The waiters at the Trofana Alm need refills. With his right hand, one of them holds up two-meter-long wooden slats, each holding 10 glasses, and with his left hand he balances a plastic crate containing even more beer, cordials and pear schnapps.

The song “Hey! Wir woll’n die Eisbär’n sehen!” (Hey! We Want to See the Polar Bears!) is blaring from the sound system. The waiters blow whistles to carve out a path through the crowd of people wearing ski suits, hopping around, dancing and screeching. Welcome to après-ski in Ischgl.

Hans von der Thannen is standing behind the bar, watching his employees. The taps are running nonstop, and the dishwashers and barkeepers are working as hard as they can. The boss nods with approval. His patrons have been known to consume 100 50-liter kegs on a single day. A hundred kegs translates into more than €50,000, or $57,000, in sales.
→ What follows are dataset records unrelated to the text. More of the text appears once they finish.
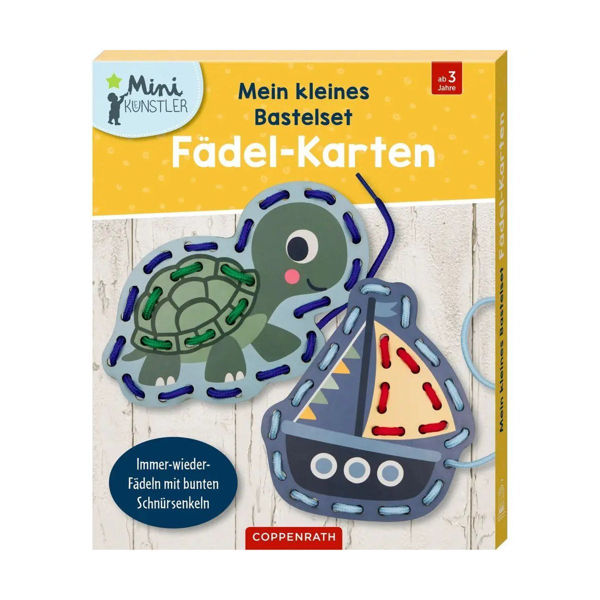 Geschickt eingefädelt: Kreativ basteln, fantasievoll fädeln! Zwei Karten mit Schildkröte und Segelboot gestalten Vier bunte Schnürsenkel für Immer-wieder-Fädelspaß Fördert Motorik und Kreativität ab 3 Jahren Dieses Bastelset lädt Kinder zu kreativen Stunden ein. Mit den bunten Schnürsenkeln lassen sich Schildkröte und Boot durch geschicktes Einfädeln immer wieder neu gestalten – so wird altersgerecht Kreativität wie Fingerfertigkeit gefördert. Ein kleines Set mit großer Wirkung, ideal für Kinder ab 3 Jahren als spaßige Beschäftigung für kreative Nachmittage und lustige Kindergeburtstage sowie als kleine Geschenkidee.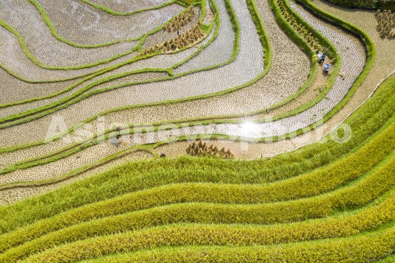 初秋时节,位于贵州省黔东南苗族侗族自治州从江县的月亮山梯田水稻进入成熟收割期,层层叠叠的梯田,放眼望去一片金黄,稻香扑面而来,宛若一幅幅美丽的丰收画卷。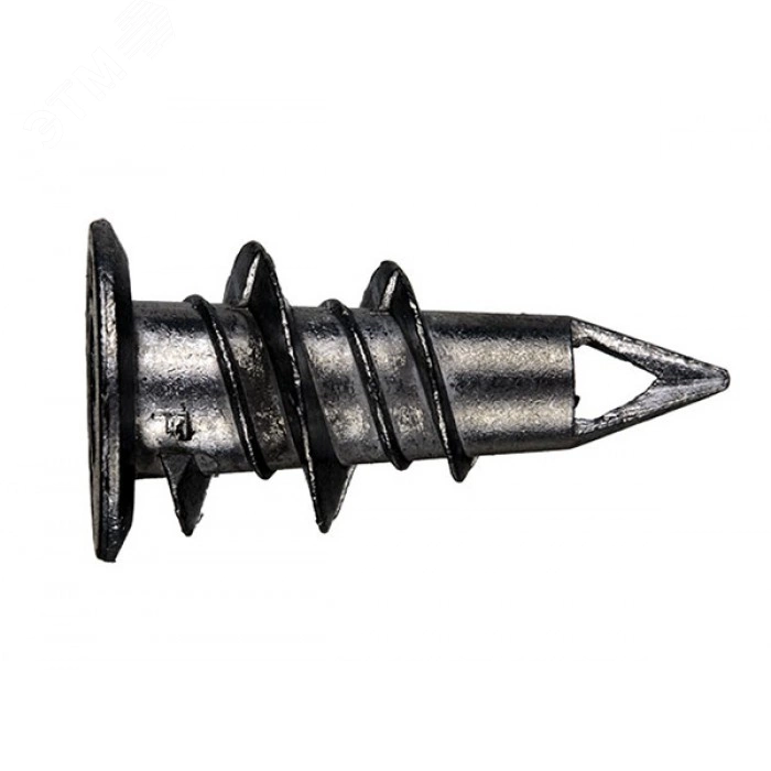 Дюбель DRIVA имеет плоскую головку с крестообразным шлицем PH, самонарезающую резьбу с крупным шагом и наконечник в виде бура. Изготовлен из цинк-алюминиевого сплава.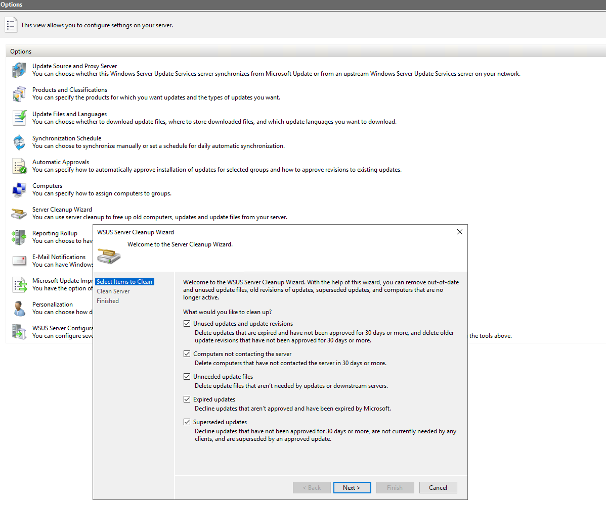 <figure><img src="https://48322287-files.gitbook.io/~/files/v0/b/gitbook-x-prod.appspot.com/o/spaces%2FcdUOS05wepzb10XGcGgw%2Fuploads%2FW8Z0M31T48fXvN2zKfxJ%2Fimage.png?alt=media&#x26;token=9da32987-6f39-435f-a299-33137867c32d" alt=""><figcaption><p>Cleanup Settings in WSUS</p></figcaption></figure>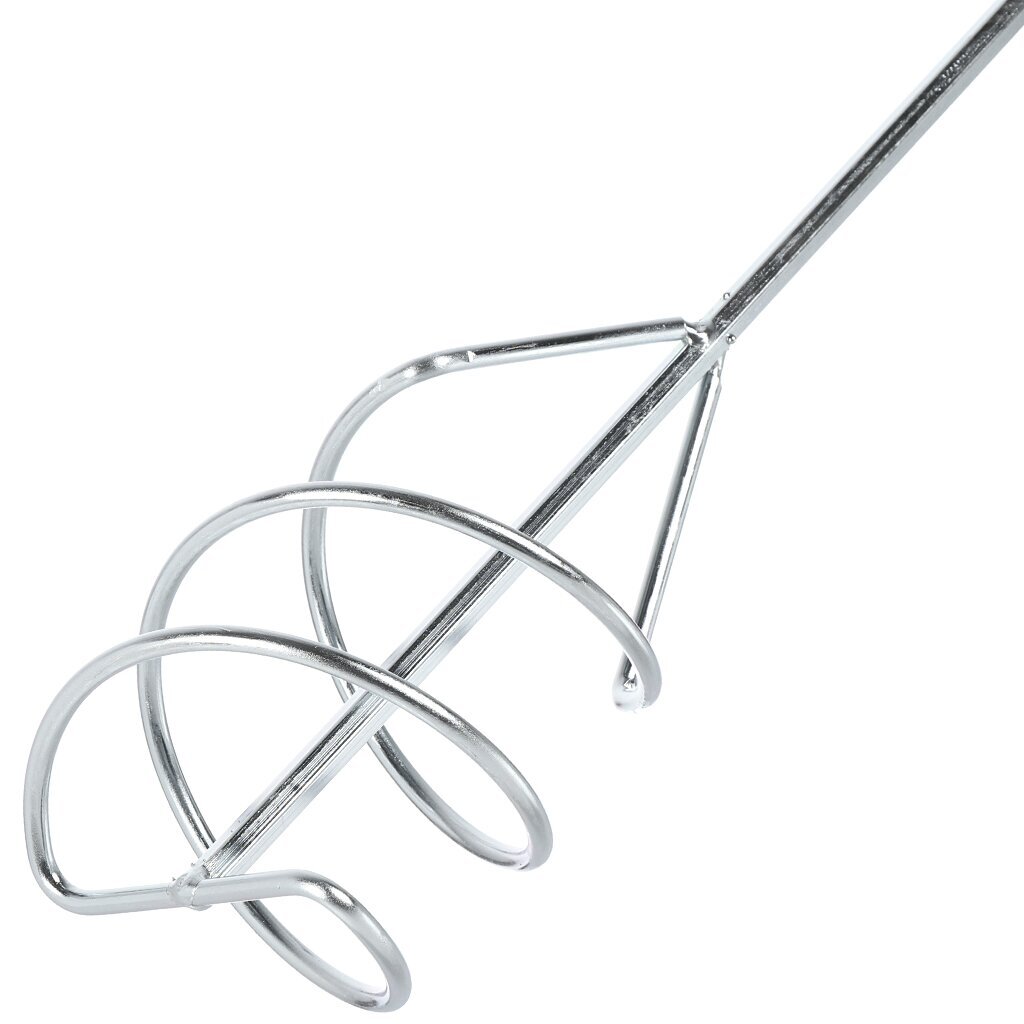 Насадка имеет усиленные лопасти с круглым сечением и применяется для перемешивания лакокрасочных материалов и строительных смесей. Она может быть использована со строительным миксером либо с дрелью.

Add wine, champagne and schnapps to the mix, and the bar can easily pull in more than €100,000 on a busy day.

Après-ski is a booming business, and Ischgl epitomizes its success. The village in the Paznaun Valley, with 1,500 residents and 12,000 beds, is the region’s party center. Organizers call it a lifestyle, while critics call it “rowdy tourism for the mountains.”